Knee hugs help to loosen up the muscles and ligaments in your hips and knees. It is important to keep your knees hugged close to your chest. Do not let them fall out to the sides during the exercise. This can place strain on your hips and knees. Knee hugs are a great way to start your day or finish up a workout. Generally, you want to do more reps of a mobility exercise if it is something you are doing for the first time. As you continue to do the exercise, you can gradually increase the number of reps.

7. Cat-cow stretch

The cat-cow stretch is a great way to loosen up your back and neck. Start in a tabletop position with your hands and knees on the floor. Inhale as you slowly arch your spine and look up towards the ceiling. Exhale as you round your spine and tuck your chin towards your chest. Do this 10-15 times. Do not let your hips sag or rise during the exercise.

This stretch helps to loosen up the muscles and ligaments in your spine. It is a great way to start your day or finish up a workout. The cat-cow stretch is also helpful for relieving back pain.

8. Child's pose

It is included in the best yoga poses for beginners. It is very easy to do. It helps in lengthening your spine and relaxing your mind and body. You should sit on your heels. Then, you should stretch your arms in front of you. After that, you should lower your forehead to the floor and relax your whole body. You should stay in this position for about 1 minute.
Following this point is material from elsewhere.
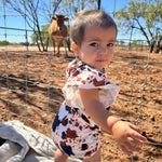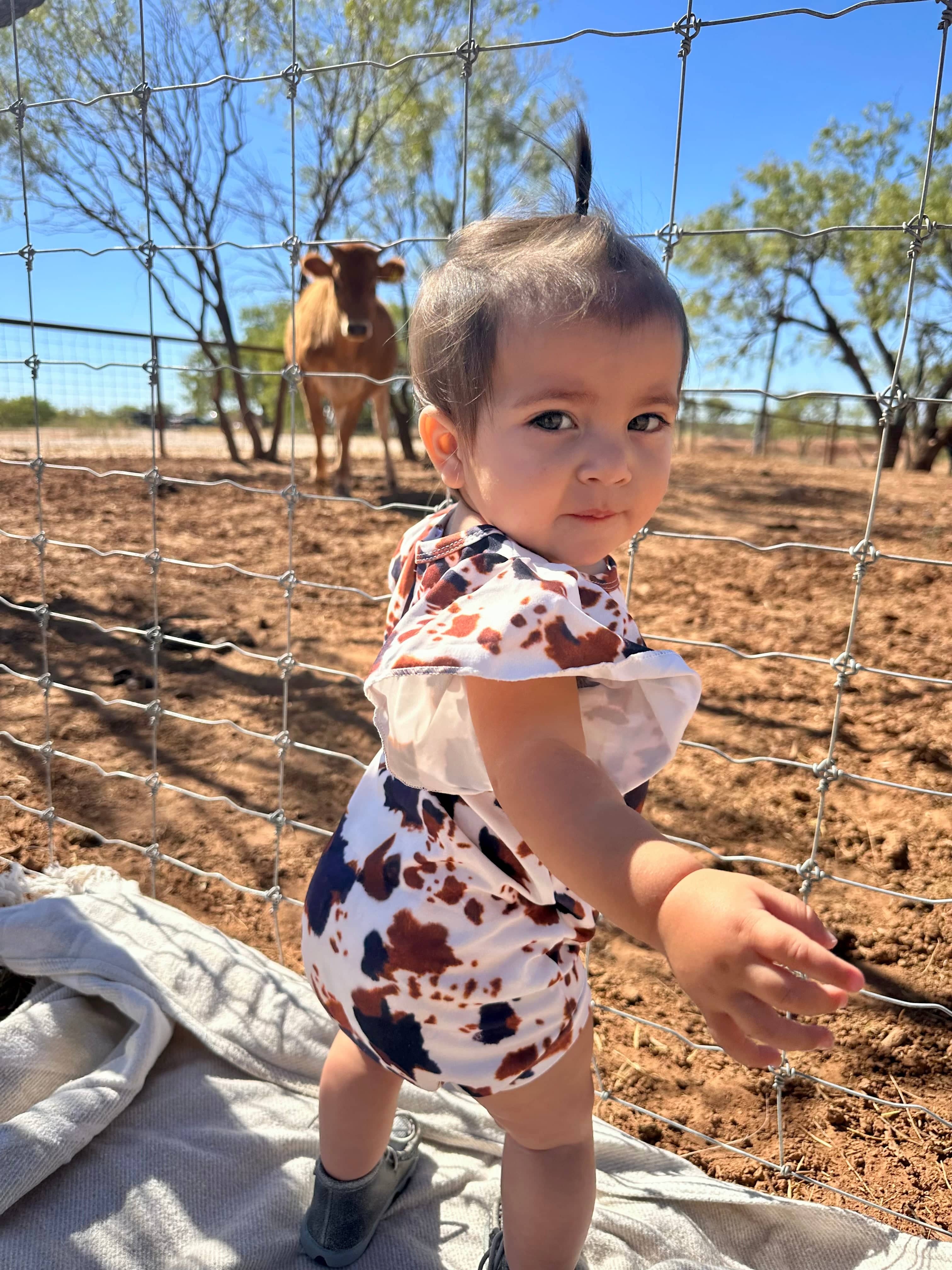 Add a bold western touch to her wardrobe with our Western Sunset Cow Print Romper! Featuring soft flutter ruffle sleeves and a striking cowhide-inspired pattern in warm rust, navy, and cream tones, this one-piece is perfect for little cowgirls who love to stand out. Soft, stretchy, and ready for rodeo days or playtime fun.
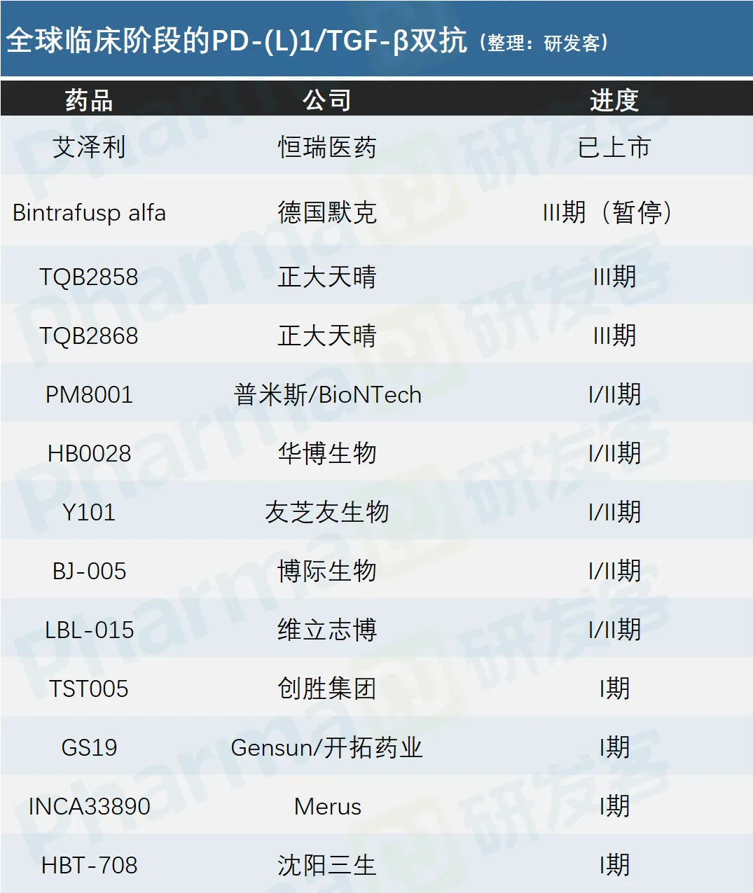 由于肺癌、胆管癌III期研究失败,德国默克与GSK终止了bintrafusp alfa(M7824)的开发。目前该领域紧随艾泽利的是正大天晴的TQB2858和TQB28689(III期),其他产品均处于临床I/II期。(见上图)

This stretch helps to loosen up the muscles and ligaments in your back and shoulders. It is also helpful for relieving stress and tension headaches. A child's pose can be done at any time of day.

9. Downward facing dog

Move your hands forward a few inches and then raise your hips into the air, so your body forms an upside-down V-shape. Hold this position for 30 seconds to 1 minute. This stretch helps to loosen up the muscles and ligaments in your back, shoulders, and hips. It is a great way to finish up a workout. A downward-facing dog can also help to relieve stress and tension headaches.

10. Seated hamstring stretch

Sit on the ground with your legs out straight in front of you. Place your hands on your knees and slowly lean forward, keeping your back straight. You should feel a stretch in the back of your legs. Hold this position for 30 seconds to 1 minute. Sitting on the ground with your legs out straight can help to stretch and strengthen the muscles in your hamstrings. This exercise is important for maintaining the proper range of motion in your hips and legs.

Conclusion

There are a variety of best mobility exercises that you can do to help improve your range of motion and flexibility. These exercises can be done at any time of day, and you can gradually increase the number of repetitions as you become more comfortable with them.

Be sure to speak with your doctor before starting any new exercise program, especially if you have any health concerns. They can help you choose the best exercises for your individual needs and make sure you are performing them safely.